TL;DR – This is a film that on the surface is really crass, but they use that crassness as a cover to tell a story with real heart    

Score – 3.5 out of 5 stars

Post-Credit Scene – There is no post-credit scene

Good Boys. Image Credit: Universal.

Review

Well, this might be one of the biggest surprises that I have seen so far this year. To be honest, I was not really sure what I was going to see when I sat down at my screening of Good Boys. However, given it was being produced by Seth Rogan, and written by this guy who wrote Year One there may have been some subconscious preconceptions floating there. But what I could not expect was a film with real heart.

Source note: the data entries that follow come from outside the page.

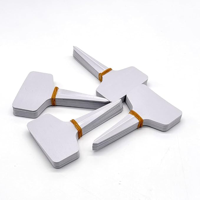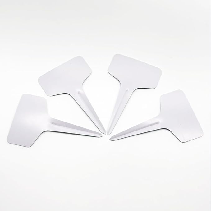 - 100 Pack of T-Type Plant Tags in White. The garden marker is UV resistant and waterproof. Garden Markers can be used in labeling your gardening plant labels markers, wood crates, flower pots, signs, plant pot, garden tools, tool kit, and outdoor greenhouse planters, seed starter tray, nursery pots, plastic tray, gardening gloves, and much more has never been easier! A great addition to your gardening supplies! The plant labels size: 6x10cm (2.4x3.9 inch)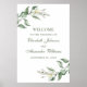 Välkomstskylt över vattenfärgsgrön blommigt bröllo poster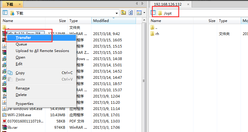 第三步:使用FTP工具,将本机上的JDK文档上传至Linux服务器下,此处上传到/opt目录下。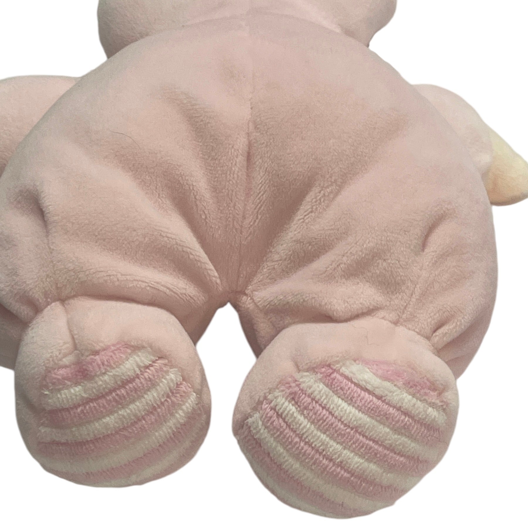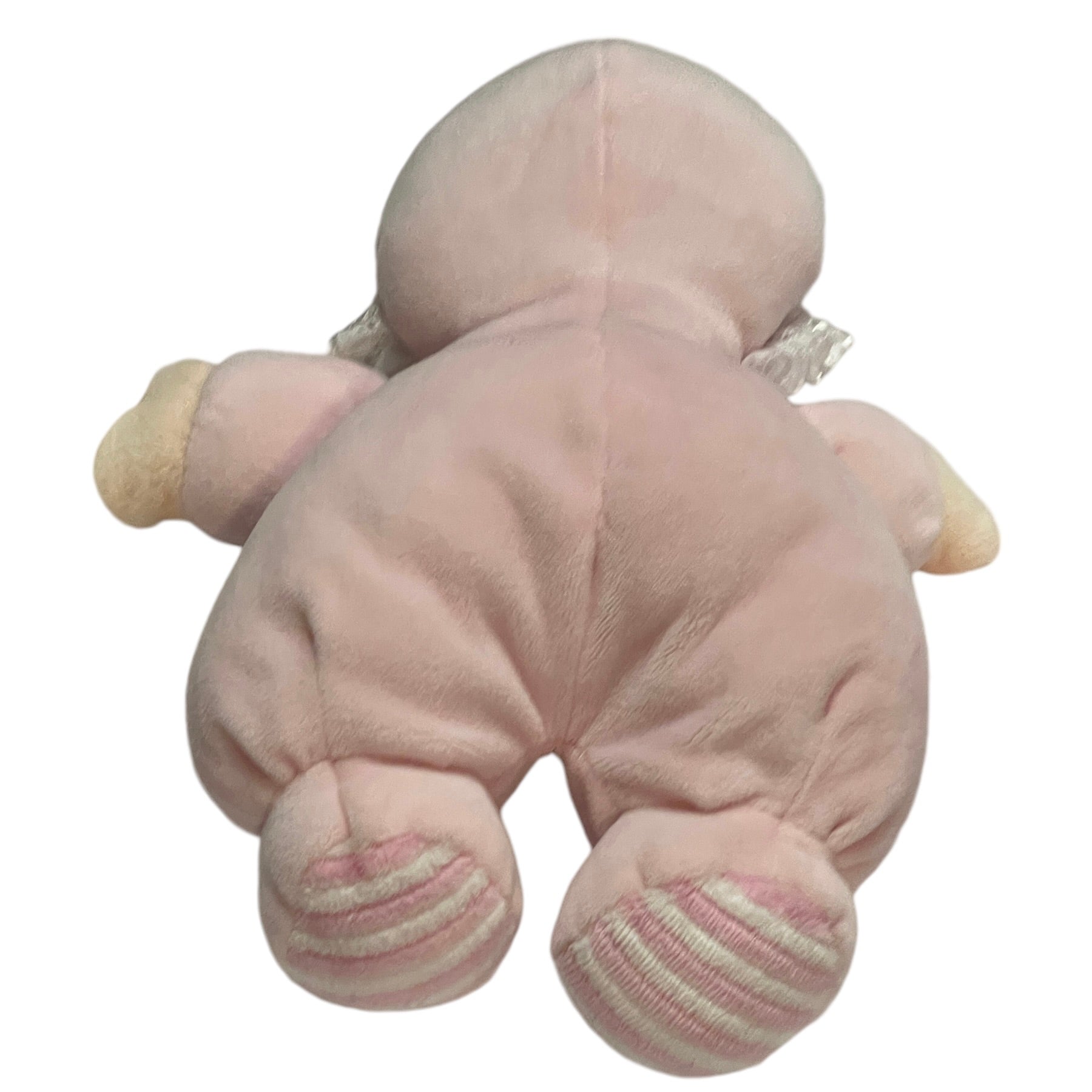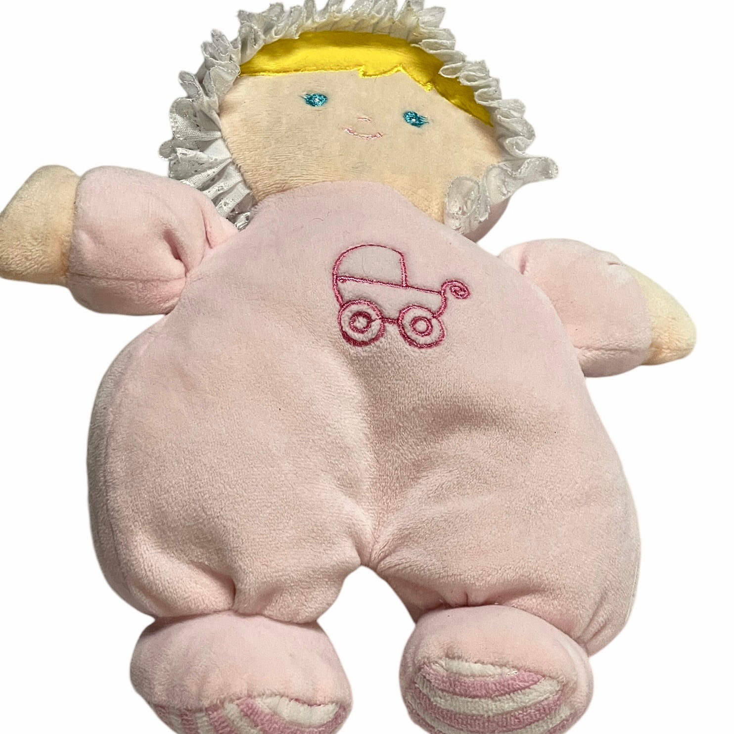 Incredibly soft and sweet, 9" baby doll baby rattle is dressed in the softest pink with striped feet and the bluest eyes! Excellent preowned condition

So to set the scene, we open in on our main trio Max (Jacob Tremblay), Lucas (Keith L. Williams), and Thor (Brady Noon) who are in the first weeks of Middle School in year six. They have been friends forever and call themselves the Beanbag Boys, but while they have been inseparable in life to this point things are rapidly changing. Max is trying to get the courage to ask out Brixlee (Millie Davis), Lucas is struggling with changing family life, and Thor is trying to escape his past reputation and be accepted by the cool kids like Soren (Izaac Wang). All of this comes to a head one day when Max is invited to a kissing party setting off a chain of events that change everything.